The fourth-quarter attestation showed Tether holding $6.3 billion in excess reserves, a buffer over its $186.5 billion in liabilities tied to issued tokens. USDT’s circulating supply grew by $50 billion over the year to over $186 billion.

The firm continued ramping up its holdings of US Treasuries, reaching $122 billion in direct exposure and $141 billion including overnight reverse repurchase agreements, positioning it among the largest holders of US government debt globally.

Tether also maintained significant allocations to gold and Bitcoin, reporting holdings of $17.4 billion and $8.4 billion, respectively.

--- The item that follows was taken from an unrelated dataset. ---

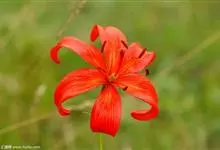 山丹是百合科百合属的多年生草本植物。鳞茎卵形或圆锥形,鳞片长圆形或长卵形,白色;叶散生茎中部,线形,边缘有乳头状突起;花单生或数朵成总状花序,花鲜红色,常无斑点,花被片反卷,…全部>>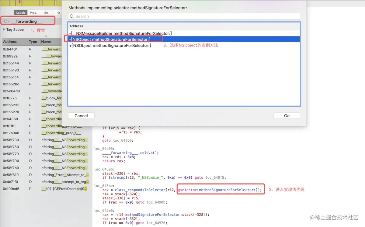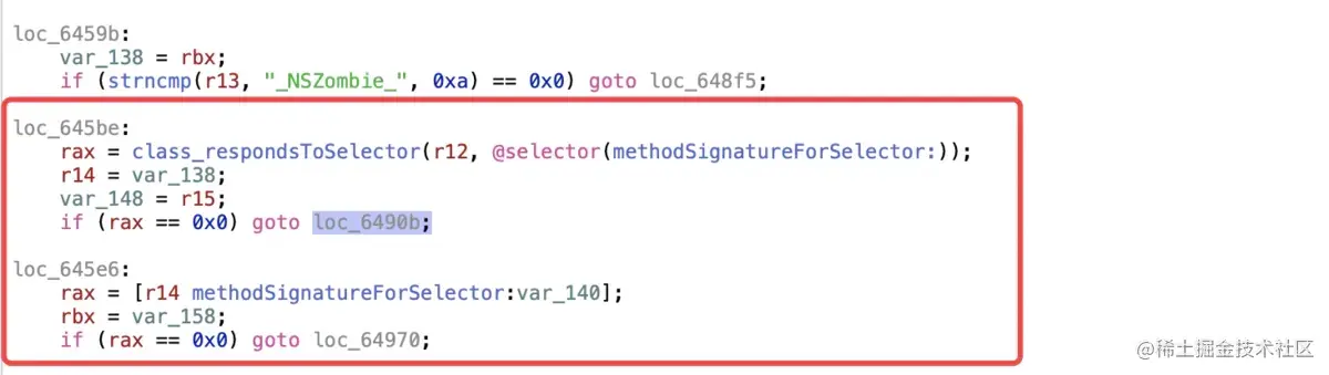 loc_6459b,在其下方判断是否响应methodSignatureForSelector方法 -

Tether’s investment portfolio, which is separated from reserve assets, was valued at $20 billion.

“With USDT issuance at record levels, reserves exceeding liabilities by billions of dollars, Treasury exposure at historic highs, and strong risk management, Tether enters 2026 with one of the strongest balance sheets of any global company,” said the chief executive of Tether, Mr Paolo Ardoino, in a statement shared with Business Post.

“This has been made possible by the trust accrued by our strong risk management setup, unprecedented in the financial sector, and the decisions we make around asset quality, allocation, and liquidity are designed to ensure USD₮ remains reliable and usable at a global scale, even during periods of extreme demand,” he added.

The latest report comes amid rising global demand for stablecoins, with Tether’s USDT remaining the dominant digital dollar in circulation.